De resterende sterkte in een duinprofiel tijdens én na het optreden van het initieel mechanisme duinafslag (zoals verkregen met het resultaat van een sterktemodel) wordt volledig ontleend aan de stabiliteit van het resterende (zandige) duinprofiel. Naast duinafslag zijn er echter nog andere processen die de (rest)sterkte van de zandige waterkering nadelig kunnen beïnvloeden.
Mogelijke vervolgprocessen die kunnen leiden tot een doorbraak van het restprofiel zijn (geotechnische) instabiliteit in relatie tot uittredend grondwater of erosie van de kruin en het binnentalud door golfoverslag. Wanneer na afslag een te smal of steil duinprofiel aanwezig is, kan het binnentalud instabiel worden, of afschuiven, met een doorbraak tot gevolg. Een te laag resterend profiel kan leiden tot erosie van de kruin of het binnentalud als gevolg van golfoverslag of in een latere fase overloop, wederom met een doorbraak tot gevolg. De processen afschuiven en overslag kunnen elkaar daarbij ook nog versterken.
In Figuur 1 zijn de initiële en eventuele vervolgmechanismen van het faalpad duinafslag schematisch weergegeven.

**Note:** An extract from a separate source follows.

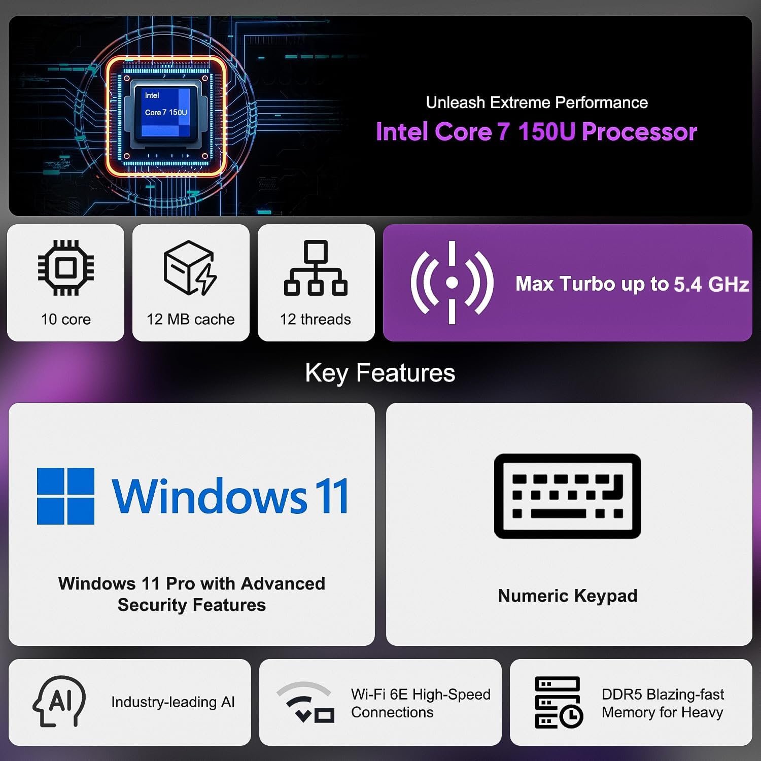 Processor: Intel Core 7 150U (10 cores, 12MB cache, 12 threads, up to 5.4 GHz Max Turbo)
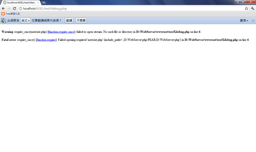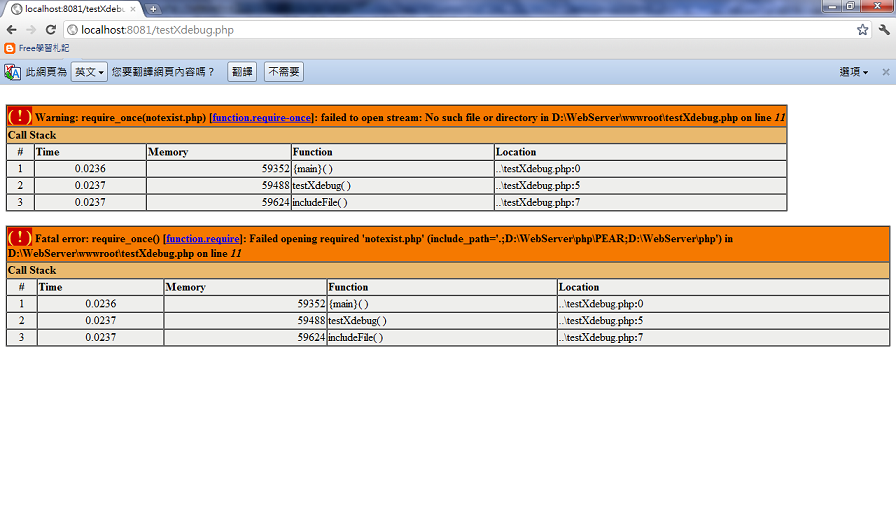 xdebug顯示就像JAVA Exception追蹤回溯一樣,可以一步步快速正確定位到錯誤位置來快速解決問題。

Figuur 1 Schematische weergave van het initieel mechanisme (duinafslag) en eventuele vervolgmechanismen (golfoploop/overslag en geotechnische instabiliteit) van het faalpad duinafslag.
De positie van deze vervolgprocessen binnen het faalpad duinafslag is schematisch weergegeven in Figuur 2.
Figuur 2 Boomweergave van de opeenvolgende gebeurtenissen en processen die kunnen optreden binnen faalmechanisme duinafslag. Vanuit het initieel mechanisme zijn er twee mogelijke vervolgprocessen die kunnen leiden tot falen van de kering.
Binnen faalpad duinafslag worden de vervolgprocessen gezamenlijk beschouwd: het optreden van één van beide vervolgprocessen (of allebei) na duinafslag kan leiden tot het falen van de waterkering en overstroming van het achterland.
De vervolgprocessen kunnen ook optreden als door duinafslag het hele duin afslaat. In dat geval is de bijdrage van de vervolgprocessen aan het falen van de kering gering en is het initieel mechanisme voldoende om tot falen te leiden.